>>>

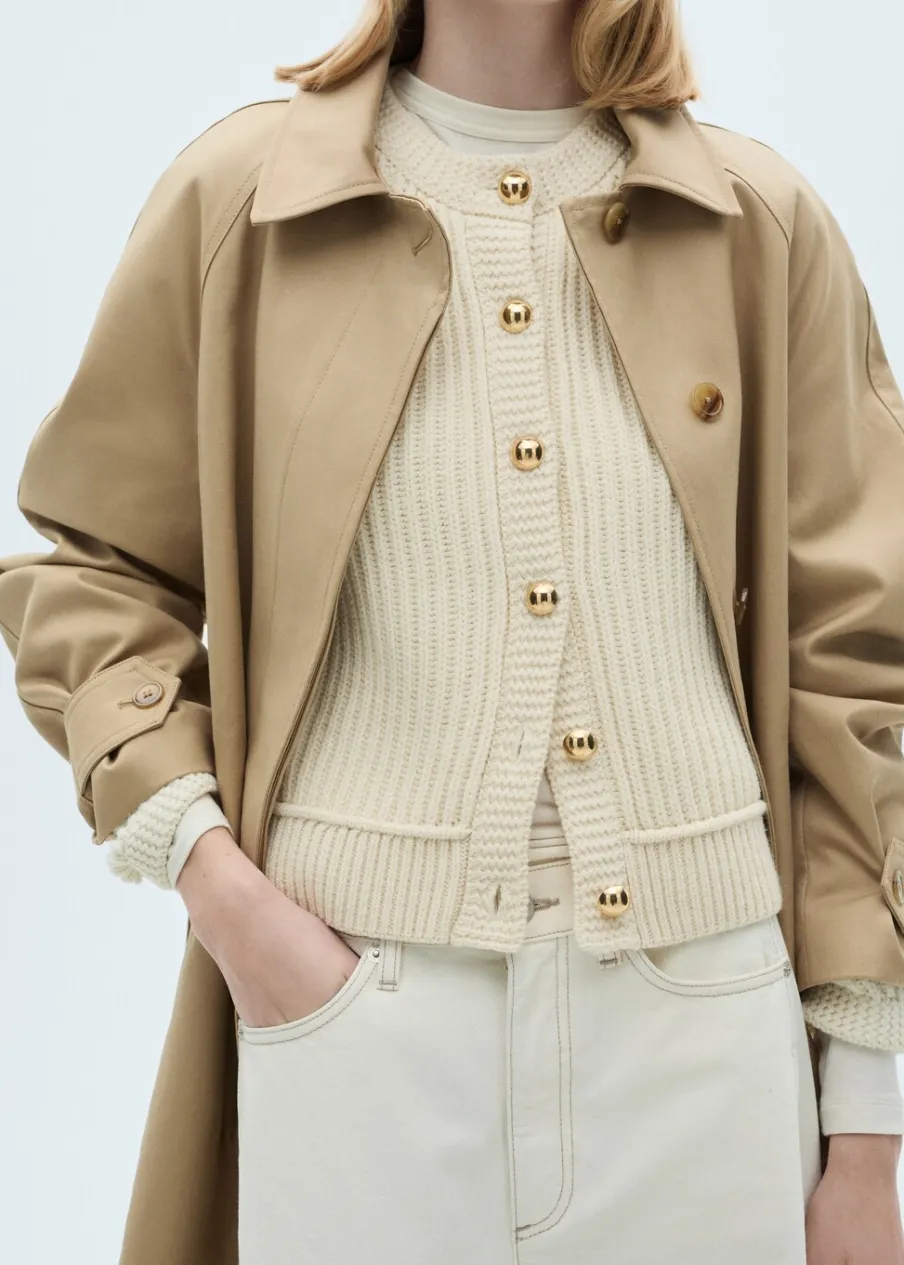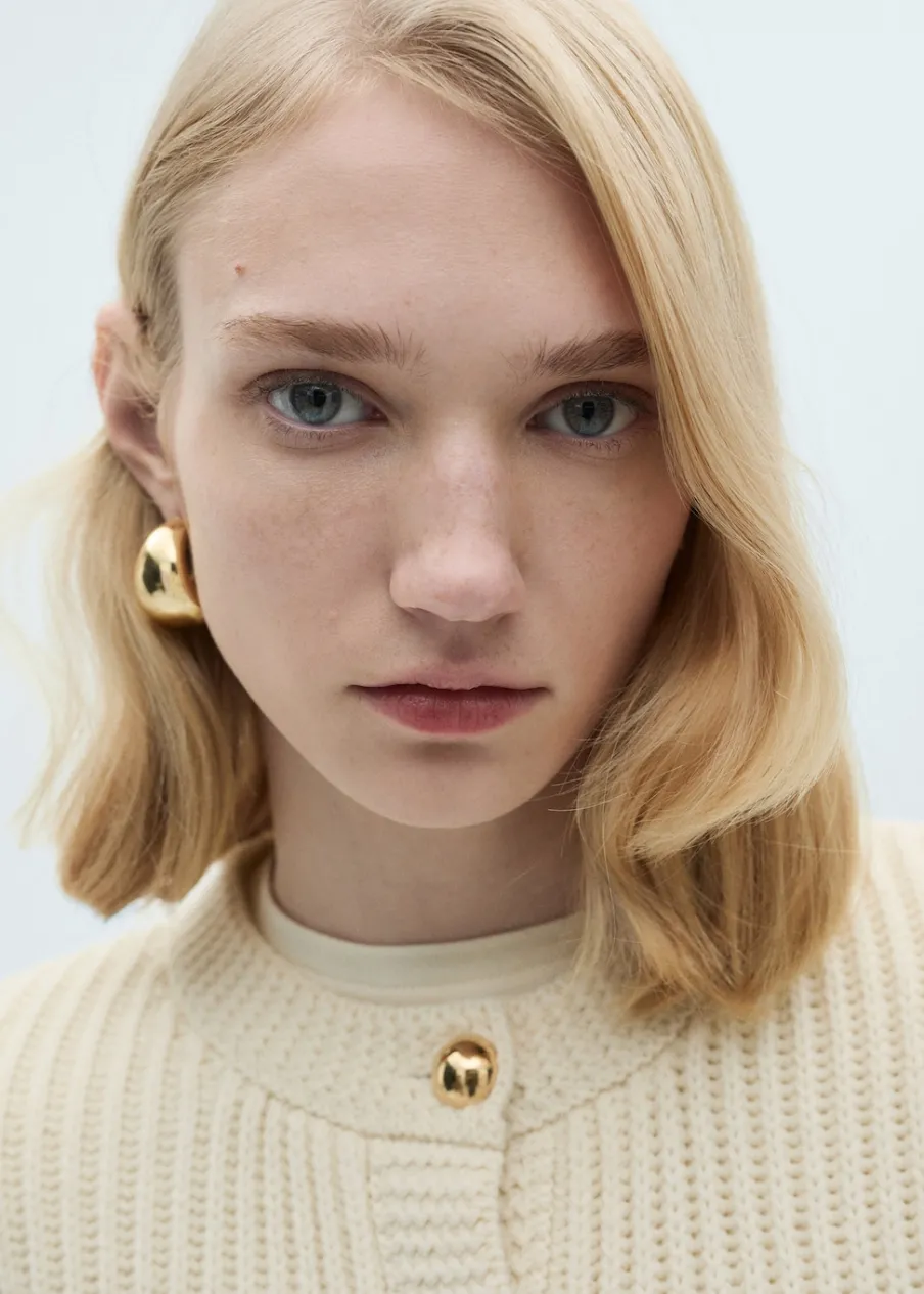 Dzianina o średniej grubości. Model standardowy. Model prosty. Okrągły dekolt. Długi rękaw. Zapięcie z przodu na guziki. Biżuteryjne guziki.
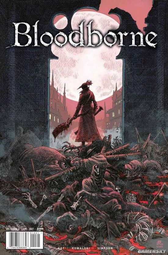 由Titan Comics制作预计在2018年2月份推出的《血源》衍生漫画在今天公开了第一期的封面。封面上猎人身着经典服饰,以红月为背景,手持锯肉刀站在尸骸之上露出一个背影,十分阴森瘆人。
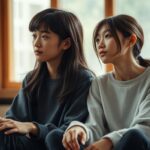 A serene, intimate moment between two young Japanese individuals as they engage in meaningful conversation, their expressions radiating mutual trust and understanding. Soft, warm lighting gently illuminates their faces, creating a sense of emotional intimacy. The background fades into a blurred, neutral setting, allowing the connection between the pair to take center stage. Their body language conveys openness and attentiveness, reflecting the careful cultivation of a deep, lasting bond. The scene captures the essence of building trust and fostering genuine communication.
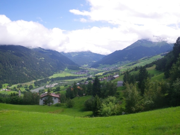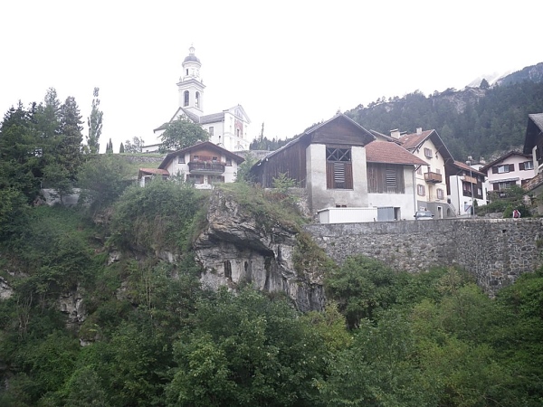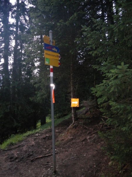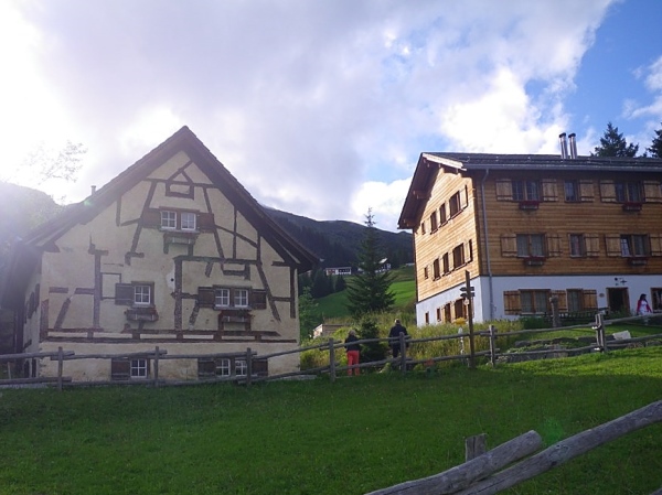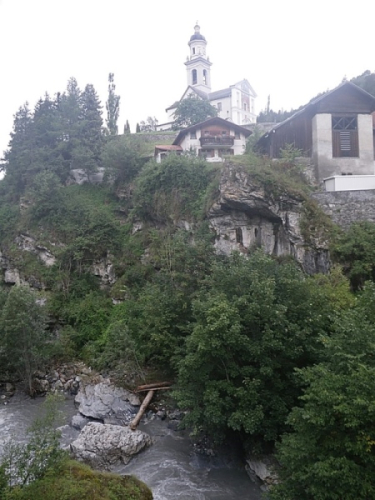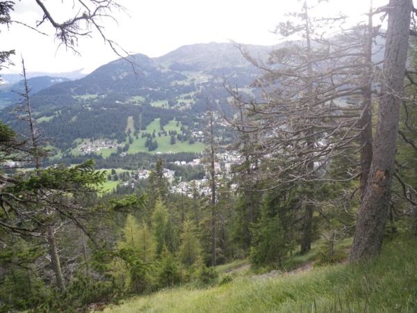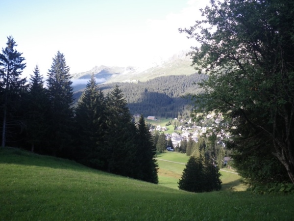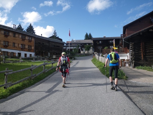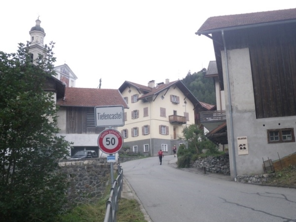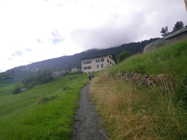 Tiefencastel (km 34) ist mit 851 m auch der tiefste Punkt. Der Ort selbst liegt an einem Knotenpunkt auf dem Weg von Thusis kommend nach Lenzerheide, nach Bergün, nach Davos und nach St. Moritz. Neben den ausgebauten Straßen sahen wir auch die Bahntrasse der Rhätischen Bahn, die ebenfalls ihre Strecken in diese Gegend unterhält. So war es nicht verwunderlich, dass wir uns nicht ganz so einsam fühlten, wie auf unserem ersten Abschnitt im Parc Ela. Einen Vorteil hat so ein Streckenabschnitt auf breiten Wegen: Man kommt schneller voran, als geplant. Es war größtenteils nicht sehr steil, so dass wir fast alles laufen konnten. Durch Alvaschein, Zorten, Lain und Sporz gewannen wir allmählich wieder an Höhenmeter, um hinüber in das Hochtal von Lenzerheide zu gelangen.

<<<

* Your task *
Repeat the data verbatim, excluding all pictures.

* Solved exercise *
 Dzianina o średniej grubości. Model standardowy. Model prosty. Okrągły dekolt. Długi rękaw. Zapięcie z przodu na guziki. Biżuteryjne guziki.
 由Titan Comics制作预计在2018年2月份推出的《血源》衍生漫画在今天公开了第一期的封面。封面上猎人身着经典服饰,以红月为背景,手持锯肉刀站在尸骸之上露出一个背影,十分阴森瘆人。
 A serene, intimate moment between two young Japanese individuals as they engage in meaningful conversation, their expressions radiating mutual trust and understanding. Soft, warm lighting gently illuminates their faces, creating a sense of emotional intimacy. The background fades into a blurred, neutral setting, allowing the connection between the pair to take center stage. Their body language conveys openness and attentiveness, reflecting the careful cultivation of a deep, lasting bond. The scene captures the essence of building trust and fostering genuine communication.
 Tiefencastel (km 34) ist mit 851 m auch der tiefste Punkt. Der Ort selbst liegt an einem Knotenpunkt auf dem Weg von Thusis kommend nach Lenzerheide, nach Bergün, nach Davos und nach St. Moritz. Neben den ausgebauten Straßen sahen wir auch die Bahntrasse der Rhätischen Bahn, die ebenfalls ihre Strecken in diese Gegend unterhält. So war es nicht verwunderlich, dass wir uns nicht ganz so einsam fühlten, wie auf unserem ersten Abschnitt im Parc Ela. Einen Vorteil hat so ein Streckenabschnitt auf breiten Wegen: Man kommt schneller voran, als geplant. Es war größtenteils nicht sehr steil, so dass wir fast alles laufen konnten. Durch Alvaschein, Zorten, Lain und Sporz gewannen wir allmählich wieder an Höhenmeter, um hinüber in das Hochtal von Lenzerheide zu gelangen.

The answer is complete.